Patients with primary hyperparathyroidism who undergo parathyroidectomy demonstrate a rapid decrease in serum calcium levels after successful removal of one or more hyperactive parathyroid gland(s). Hungry bone syndrome, been coined to the profound (serum calcium < 2.1 mmol/l) and prolonged (longer than 4th day post-operatively) hypocalcaemia, is a condition of hyperdynamic calcium reabsorption into bones following parathyroidectomy [15]. This syndrome manifests as prolonged and symptomatic hypocalcemia. Thus, high doses of calcium, high doses of active metabolites of vitamin D, and adequate correction of magnesium deficiency immediately after surgery helps to treat hypocalcemia. Preoperative treatment with bisphosphonates has been suggested to reduce post-operative hypocalcemia [15]. Preoperative calcitriol therapy can reduce the use of postoperative administration of intravenous calcium by 56% and length of stay by 50% in parathyroidectomy for renal-origin hyperparathyroidism patients [16]. In one study, severe postoperative hypocalcemia requiring intravenous calcium repletion occurred in 97% of ESRD patients with hyperparathyroidism but only 2% of those with primary hyperparathyroidism [17].

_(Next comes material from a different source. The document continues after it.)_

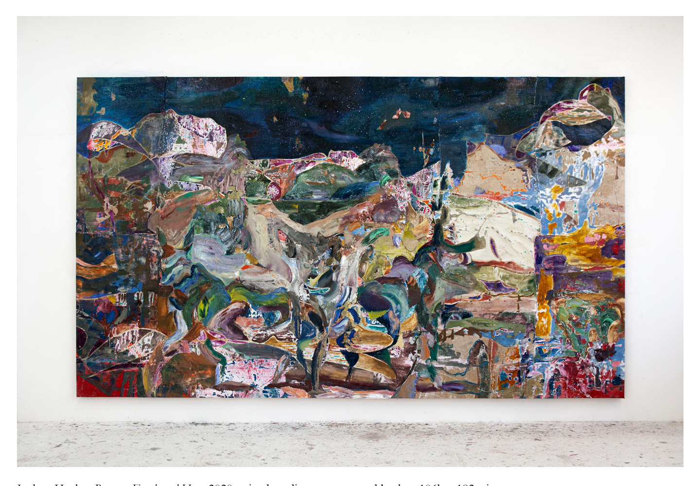
Joshua Hagler, Between Earth and Here, 2020, mixed media on canvas and burlap, 106h x 182w in

In conclusion, ectopic supernumerary parathyroid hyperplasia is an uncommon cause of recurrent tertiary hyperparathyroidism, we should prompt a search for the ectopic parathyroid glands in ESRD patients, who have recurrent or persistent hyperparathyroidism after total parathyroidectomy. ESRD patients are more likely to develop hungry bone syndrome after parathyroidectomy. Prevention and treatment of hungry bone syndrome may be required after ectopic parathyroidectomy in clinical practice.